Ezra Koenig does not want to talk about “Father of the Bride,” the first album his band Vampire Weekend has released in six years.

“I kind of wish I could go through all the interviews for an album two years after it came out, when there’s so much more perspective on it and the fans already had some time to sink their teeth in without too much guidance from me,” he told The Washington Post.

It makes sense: Koenig has always positioned himself as an artist more interested in talking about the machinations surrounding an album than the actual music. The art, after all, is supposed to speak for itself.
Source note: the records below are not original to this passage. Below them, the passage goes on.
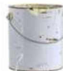
PEINTURE (33,3 %)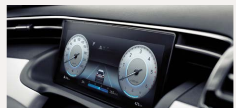
10,25" Supervision műszeregység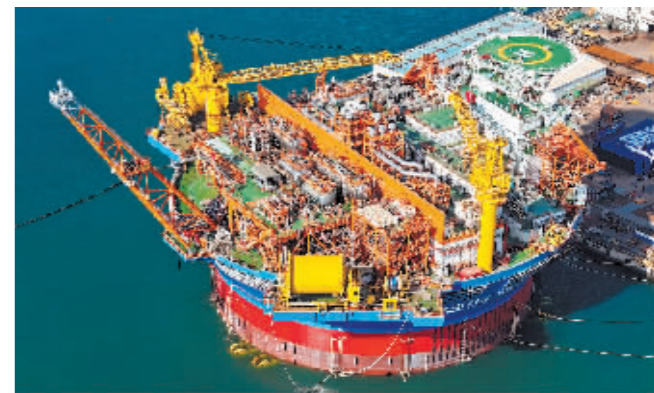
“海葵一号”浮式生产储卸油装置(FPSO)。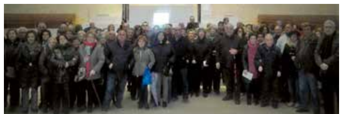
A peregrinação decorreu de 3 a 6 de março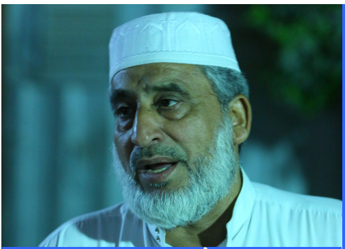
الشيخ فاضل الكتاني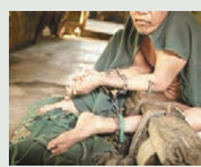
印尼1977年起禁止對精神病者使用鐐銬，但至今仍有不少病人受此殘酷對待。國際人權組織「人權觀察」(HRW)最新報告顯示，印尼現在仍有近1.9萬名精神病患者被鐐銬鎖着(見圖)，活於籠牢之中，恍如「人間煉獄」。報告促請當局關注患者需要，並加強監管精神病院，取締鐐銬。

報告稱印尼政府對精神病患者長期缺乏關注，病者家屬知識水平亦偏低，部分甚至以為病人是「遭人下咒」，遂以鐐銬鎖着，形容禁令形同虛設。 ■《衛報》/法新社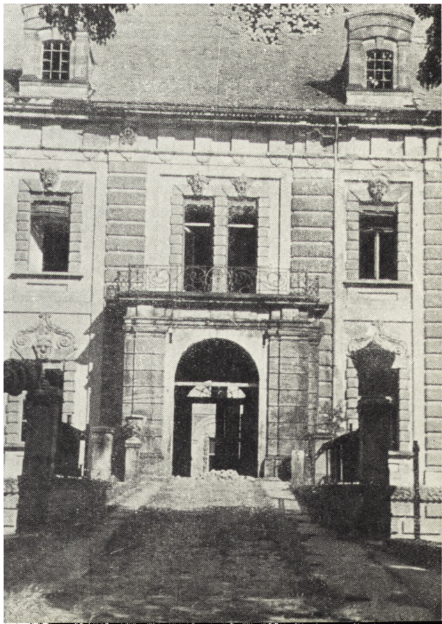
Ryc. 134. Pałac w Żaganiu. Portal elewacji zachodniej.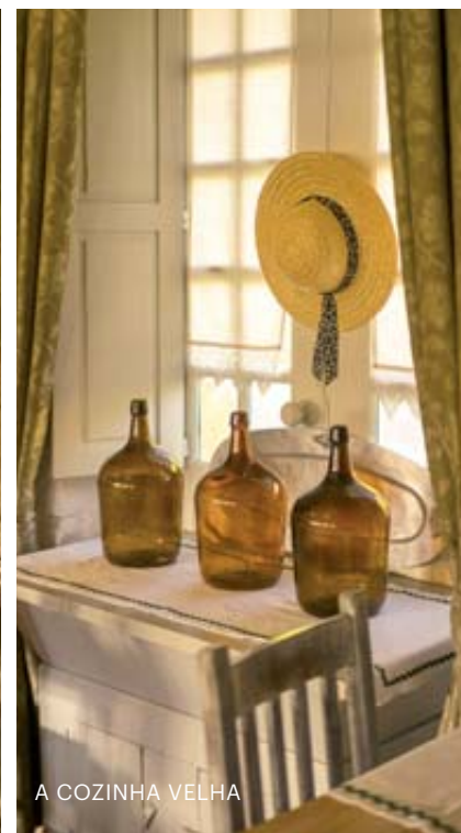
A COZINHA VELHA

Verdes com o seu néctar de vinhas com mais de cem anos.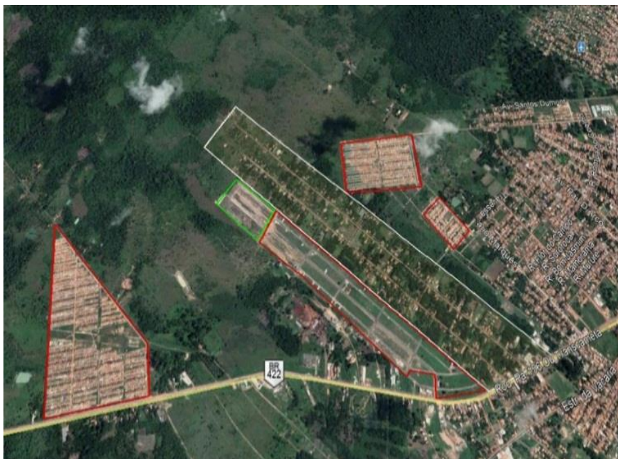
Figura 8: Cametá - Bairro Cinturão Verde em 22 de janeiro do ano de 2021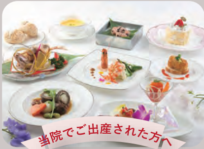
当院でご出産された方へ

ご夫婦で新しいご家族の誕生をお祝いしていただけるお祝い膳をご用意！その他に、オリジナルアルバム、アロママッサージの施術をプレゼント♪ ご出産後にご利用いただけるパジャマやタオルは無料をご用意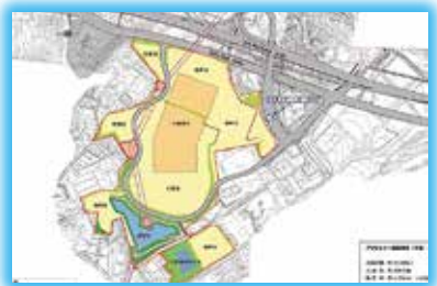
▲(仮称)京都城陽プレミアム・アウトレット開発基本構想土地利用構想図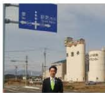
磯山バイパス視察

鈴鹿市南部の主要な東西道路である磯山バイパス1期工事(1.8km)が完了しました。継続して2期工事(鈴鹿ライスセンターから中勢バイパス:1.7km)開通を目指して、地域の皆様とともに取組んで参ります。

Ezra Koenig, the frontman of Vampire Weekend. (Photo by Monika Mogi)

 

But his band, his life and his country have changed dramatically in the years since Vampire Weekend released its last record, “Modern Vampires of the City.” All of that has had an effect on the songwriter, so perhaps it’s not shocking that what he wants to discuss instead is streaming and the ways the music industry has changed since the band’s self-titled LP gained traction in 2008 through early internet blogs such as Stereogum and Pitchfork, which would release the tracks one at a time, a slow drip of MP3s that generated excitement.

“You’re always looking at what’s happening in music, what ideas you want to be in league with and which you want to push against,” Koenig said. “I think that aspect is the same. But, how much people talk about streaming? I think that’s far and away been the biggest change.”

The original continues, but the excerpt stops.